You can modify this depending on how you set up your model.
n: n-gram order of the model
Acknowledgment:
https://towardsdatascience.com/perplexity-intuition-and-derivation-105dd481c8f3
https://courses.cs.washington.edu/courses/csep517/18au/
ChatGPT with GPT-3.5
"""
# FILL IN: Remove any unseen characters from the text that have no unigram probability in the language
N = len(text)
char_probs = []
for i in range(n-1, N):
prefix = text[i-n+1:i]
suffix = text[i]
# FILL IN: look up the probability in the model of the suffix given the prefix
prob =
char_probs.append(math.log2(prob))
neg_log_lik = -1 * sum(char_probs) # negative log-likelihood of the text
ppl = 2 ** (neg_log_lik/(N - n + 1)) # 2 to the power of the negative log likelihood of the words divided by #ngrams
return ppl
- Text generation: For only the unsmoothed bigram and trigram language models trained on English, extend your programs so that you can generate sentences probabilistically from the top-k most likely characters. Vary the k from 1 to a value of your choice. That is, given any English letter(s) as input, your model should continue the sentence with a character sampled from the top-k most likely next characters, weighted by the probabilities of those being the next character from your model. Thus, you will use the previous character for bigrams and previous two characters for trigrams. Your program should continue generating new characters until you have generated a 50 character sentence or you have reached an end-of-sentence token or dead end (no further characters give any probability).
Deliverables for part 2
In your report, include:
- for the bigram and trigram interpolated models of all 3 languages (total of 6 models), the average perplexity score across all lines in the test document, as well as which language each model estimates the test document is written in (has the lowest perplexity).
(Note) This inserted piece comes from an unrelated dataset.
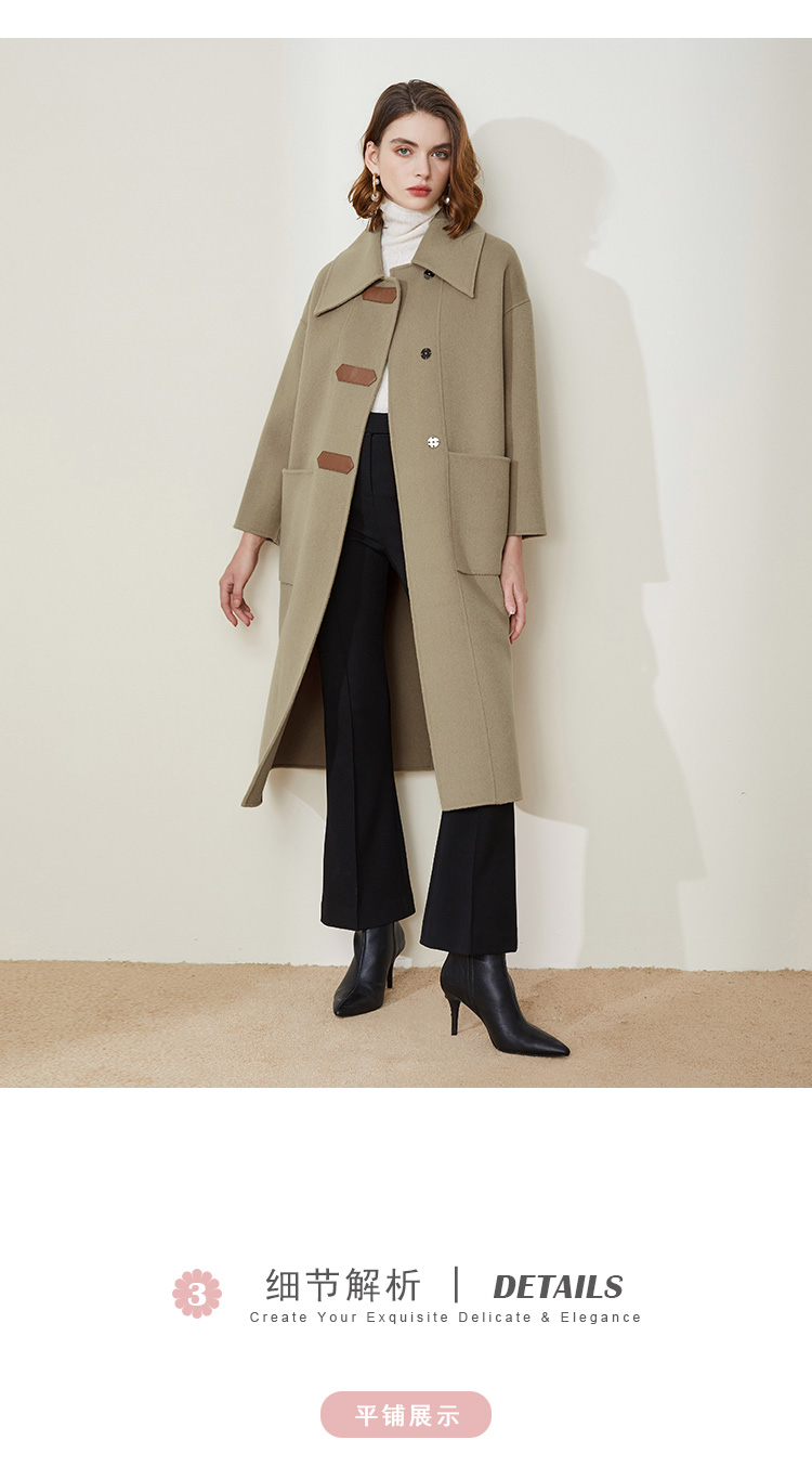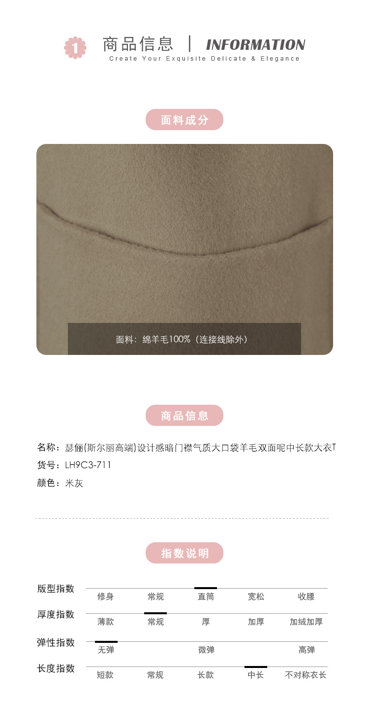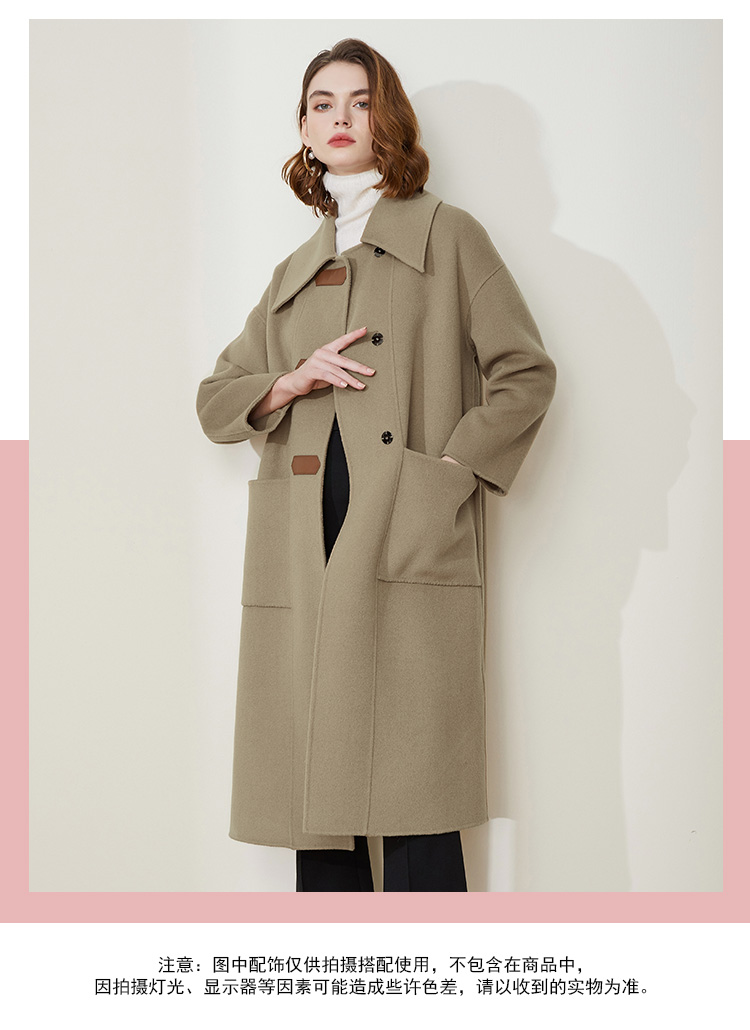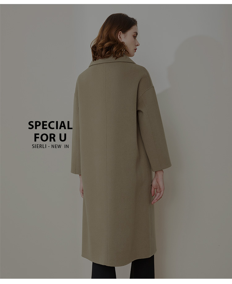 LH9C3斯尔丽瑟俪2021秋冬新款暗门襟气质大口袋羊毛双面呢中长款大衣

- for unsmoothed and interpolated English bigram and trigram models (total of 4 models), generated text outputs for the following inputs: 4 prior contexts (single letters) for bigrams and 4 prior contexts (sequences of 2 letters) for trigrams. You can choose which prior contexts to start the generation.
- critical analysis of your language identification results: e.g., why do your perplexity scores tell you what language the test data is written in? what does a comparison of your unigram, bigram, and trigram scores tell you about which performs best? etc.
- critical analysis of your generation results: e.g., are there any difference between the sentences generated by bigrams and trigrams, or by the unsmoothed versus smoothed models? How does a value of \(k=1\) compare with other values? Give examples to back up your conclusions.
Submission
Please submit the following items on Canvas:
- Your report with results and answers to questions in Part 1 and Part 2, named
report_{your pitt email id}_hw3.pdf
. No need to include @pitt.edu, just use the email ID before that part. For example:report_mmy29_hw3.pdf
. - The code of your program
- Model files (ngram probabilities) ideally in a human-readable format (CSV, JSON, etc)
- A
README.txt
file explaining- how to run your code
- the computing environment you used; what programming language and version you used; what packages did you use in case we replicate your experiments (a
requirements.txt
file for setting up the environment may be useful if there are many packages). - any additional resources, references, or web pages you’ve consulted
- any person with whom you’ve discussed the assignment and describe the nature of your discussions
- any generative AI tool used, and how it was used
- any unresolved issues or problems
Grading
This homework assignment is worth 56 points. The grading rubric will be posted on Canvas.
Acknowledgments
This assignment is based on a homework assignment by Prof. Diane Litman.